The lack of attention to the environmental integrity of the CDM is a stain on the reputation of international efforts. In December 2009, the CDM Executive Board registered its first coal-fired power project, setting off two reactions: a firestorm of criticism from around the world and a wave of opportunistic applications from other coal projects.
Rather than heed the well-founded alarm of civil society, the EB approved a second 1,100 MW Tirora supercritical coal project under a faulty methodology. With well-documented concerns about the additionality of supercritical coal, and no avenue for addressing the oversight, this sends a sharply negative message about the integrity of the CDM,  
As for the CDM coal rush, it is a wonder to behold.  Some 20-odd coal based projects – including the 4,000 MW Sasan Ultra Mega Power Project (UMPP) capable of earning almost 4 million carbon credits per year while emitting over 20 million tonnes of CO2 – now sit in the CDM pipeline. The attempt to 
rebrand supercritical coal technology as an additional ‘clean’ energy option seems almost Orwellian. In the case of Sasan, the Indian government has mandated the use of supercritical technology in its Ultra Mega Power Project (UMPP) program, clearly undercutting the additionality claim.

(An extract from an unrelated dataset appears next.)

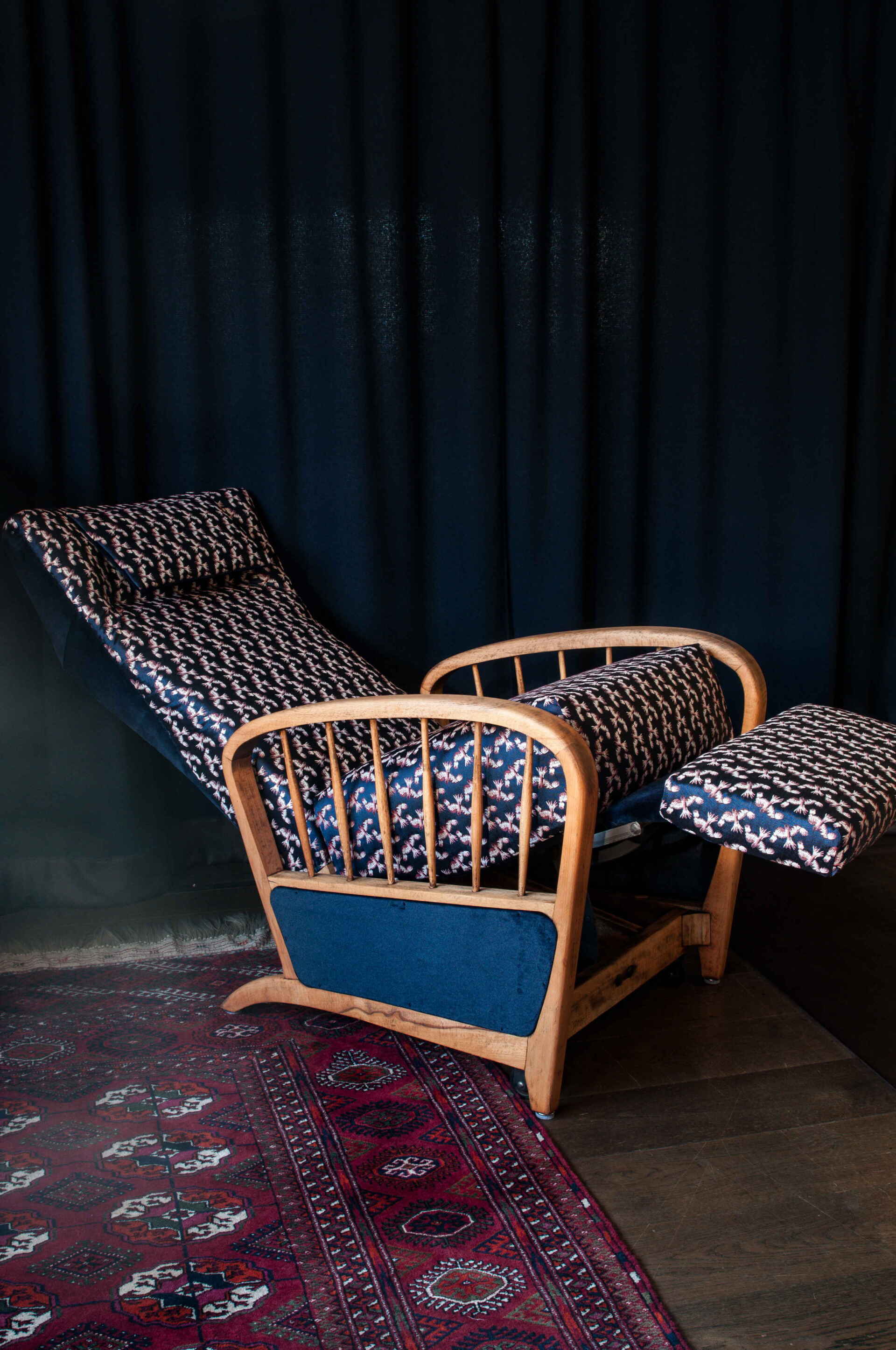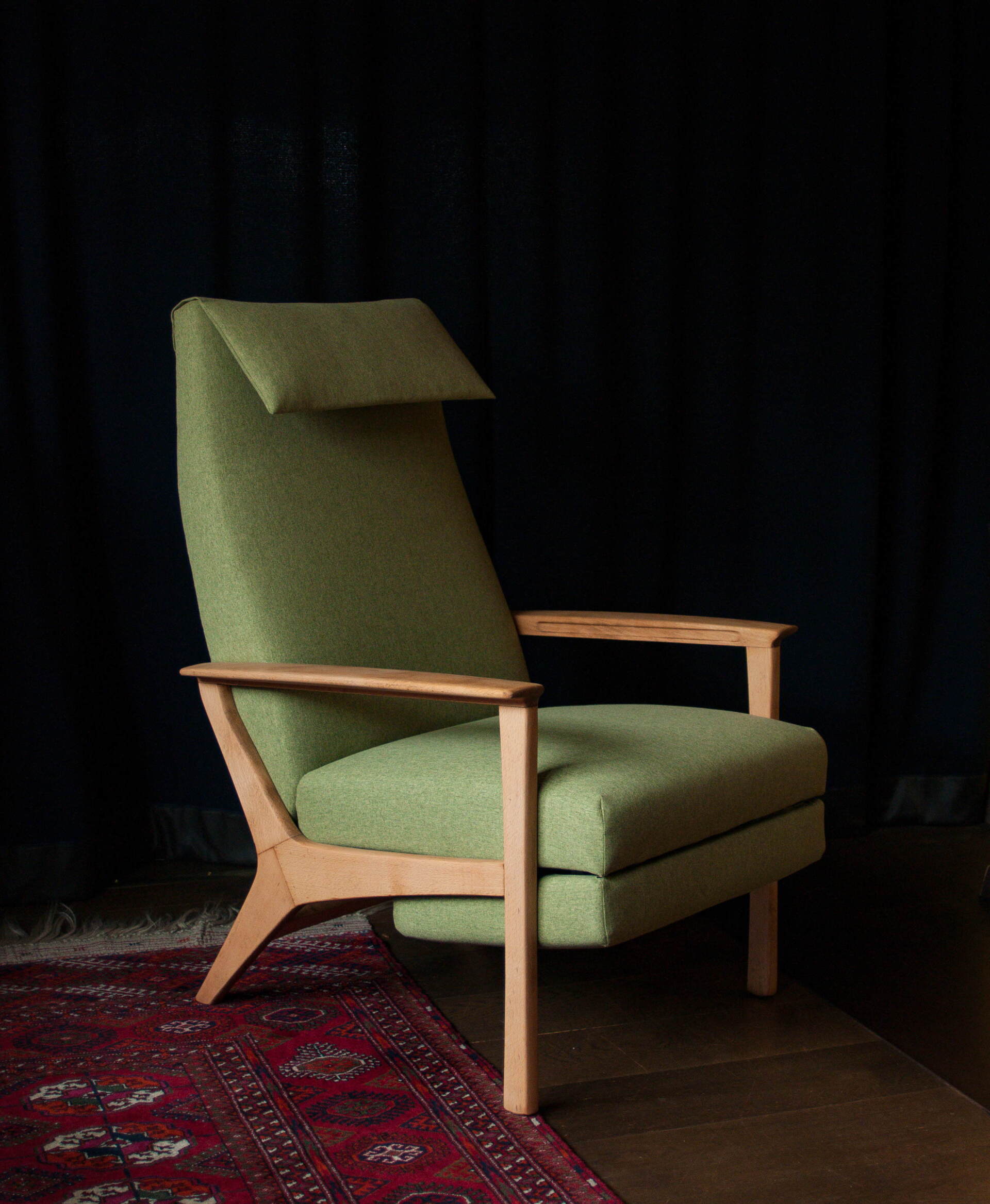 Bezogen mit guten Stoffen mit hohen Scheuertouren, mit neuen Polstermaterialien und Federn, bereit für die nächsten 50 Jahre.

Supercritical coal is a non-additional baseline technology for many rapidly industrializing countries and should not qualify for eligibility under the CDM. This is a climate scandal: carbon credits for a non-additional coal power plant deprive the world of much needed emission reductions, contribute little to sustainable development and lock in fossil fuel infrastructure for decades to come. The EB must remove the stain coal is placing on our efforts here in Cancun.